While it is true that you have specific areas of policy,

which are very important, and human rights and reduced poverty,

and the education system, et cetera,

the fact is, and this is the tragedy,

this is the problem we're talking about in Latin America,

that if we're stuck 30, 40 years with low productivity growth,

everything becomes much more difficult to achieve,

it's much more difficult to create formal jobs,

and good jobs, decent work.

It is much more difficult to finance the social programmes

that societies need.

We need to do several things at the same time,

but what we are missing in Latin America, it's a growth agenda, a clear--

which includes productivity, it's not only that,

but instead of growing like

in the last decade at 0.9% on average,

again, I go to that, 1% on average,

we were growing at 4% or 5%,

it would be much easier to work on the rest of all the agenda.

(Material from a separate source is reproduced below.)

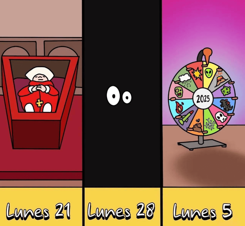 ¿Cuántos memes os llegaron sobre el lunes 5 de mayo? Este, que no sé de quién es, es de los mejores. Con todo lo que ha pasado en los últimos años, parece que vivimos en una rueda de la fortuna que no para. Ayer les ha tocado a los viajeros del AVE Madrid – Sevilla por el robo de cables. A ver el próximo lunes.

There would be more fiscal space, more fiscal resources for investments,

et cetera.

This is why the productivity and growth agendas are so crucial.

-Gentlemen, a fascinating topic and obviously a very complex one,

but unfortunately, that's all we have time for today.

My thanks to both of you.

My guests were José Manuel Salazar, who is Executive Secretary of ECLAC,

and Daniel Samaan, who is Senior economist at the ILO.

Thanks very much to you all for listening.

Please join us again soon for another Future Of Work podcast.